The switch from day to night might sound like more of a fashion staple than a restaurant one. But daylight does lots to a room and when it’s gone a different set of considerations comes into play. Candles are the restaurant equivalent of sequins for a desk to dance floor shimmy. Toss in some marmalade hued bulbs and a look that says warm cave where you will feel safe, and bingo! You own the night.

Gertrude is on Dublin’s Pearse Street. It’s the latest venture by Colin Harmon of 3Fe Coffee and a showcase for young talented chef Holly Dalton. Gertrude becomes a lady of the night on Friday and Saturday evenings. The rest of the week she’s a breakfast, brunch and lunch place. The food in this stretch of street has long been sandwich bars by day and chippers by night. But Bread 41 and Honey Truffle have upped the game closer to town and now Gertrude is here to light up the night, at least twice a week.
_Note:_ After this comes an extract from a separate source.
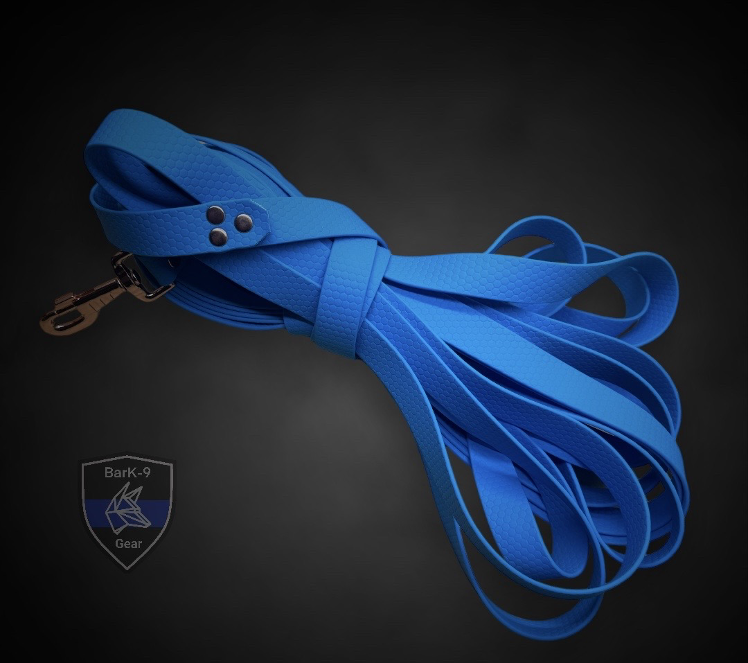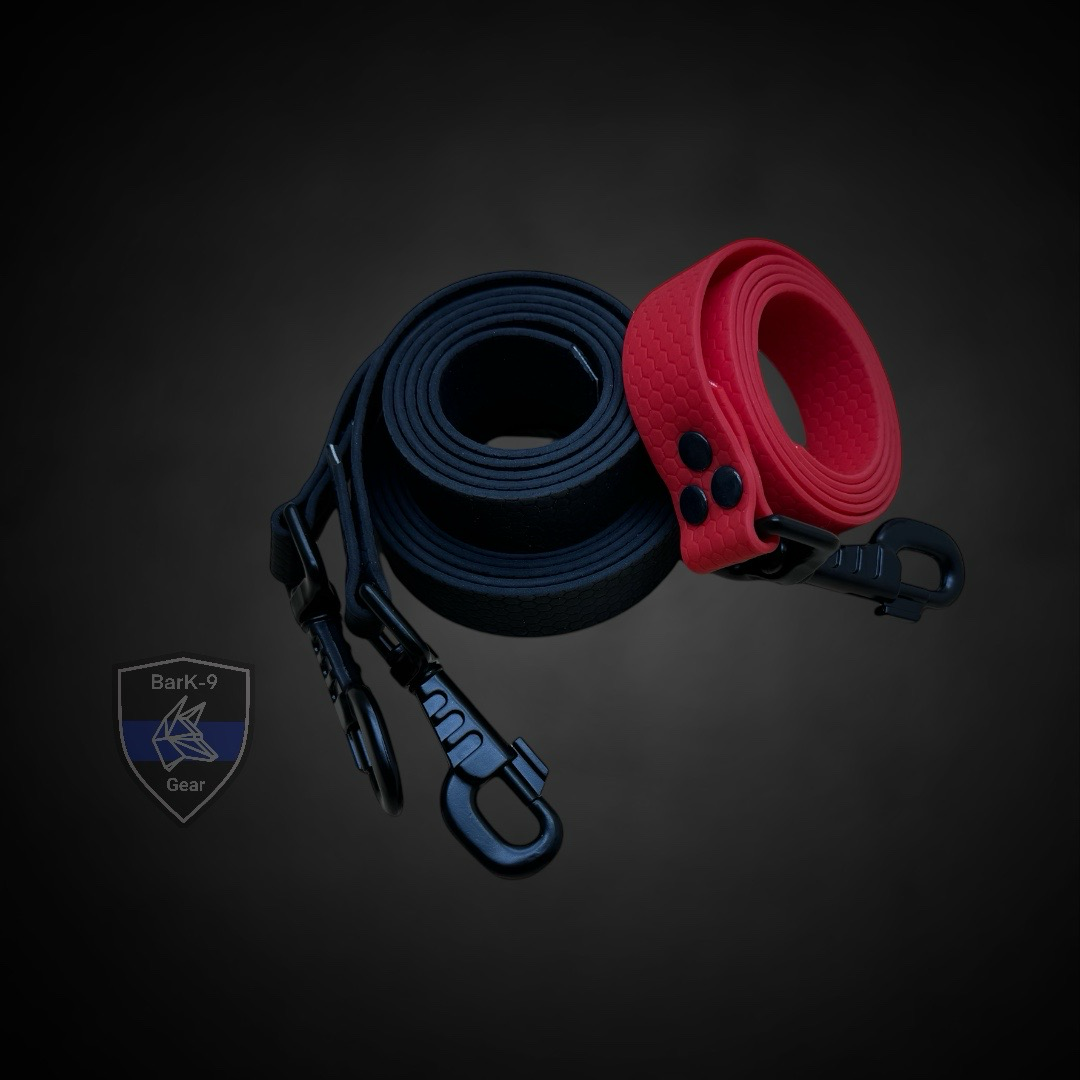 Weitere Farben des Gurtbands sind auf Anfrage erhältlich. Die Leinen werden von BarK-9 Group hergestellt.
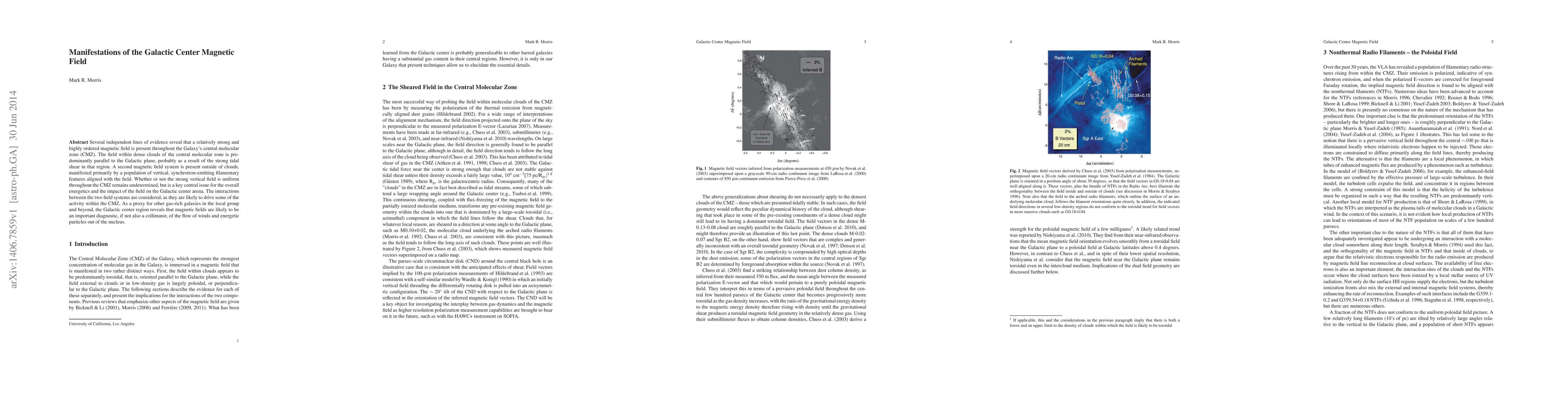 Several independent lines of evidence reveal that a relatively strong and highly ordered magnetic field is present throughout the Galaxy's central molecular zone (CMZ). The field within dense clouds of the central molecular zone is predominantly parallel to the Galactic plane, probably as a result of the strong tidal shear in that region. A second magnetic field system is present outside of clouds, manifested primarily by a population of vertical, synchrotron-emitting filamentary features aligned with the field. Whether or not the strong vertical field is uniform throughout the CMZ remains undetermined, but is a key central issue for the overall energetics and the impact of the field on the Galactic center arena. The interactions between the two field systems are considered, as they are likely to drive some of the activity within the CMZ. As a proxy for other gas-rich galaxies in the local group and beyond, the Galactic center region reveals that magnetic fields are likely to be an important diagnostic, if not also a collimator, of the flow of winds and energetic particles out of the nucleus.

It’s set back from the footpath with its name in white on the plate glass windows. The logo is designed to the point where it might be a struggle to read if you didn’t already know it was there.

The standout dish of the night is a golden tennis-ball-sized Scotch egg, sliced across the middle to reveal fudgy yolk and pepper-flecked sausage meat inside a crisp coat

Inside the look is grey, teal, dark blue and lemon yellows. There’s a high counter with stools set inside a timber ark towards the front of the room. There’s something of the 1970s modernist church feel off it, like there should be doves cut out and a sliding tabernacle. I can see what they were going for but on a dank cold night you can also see how plenty of people and sunlight (neither of which are here now) help take the chilliness off it.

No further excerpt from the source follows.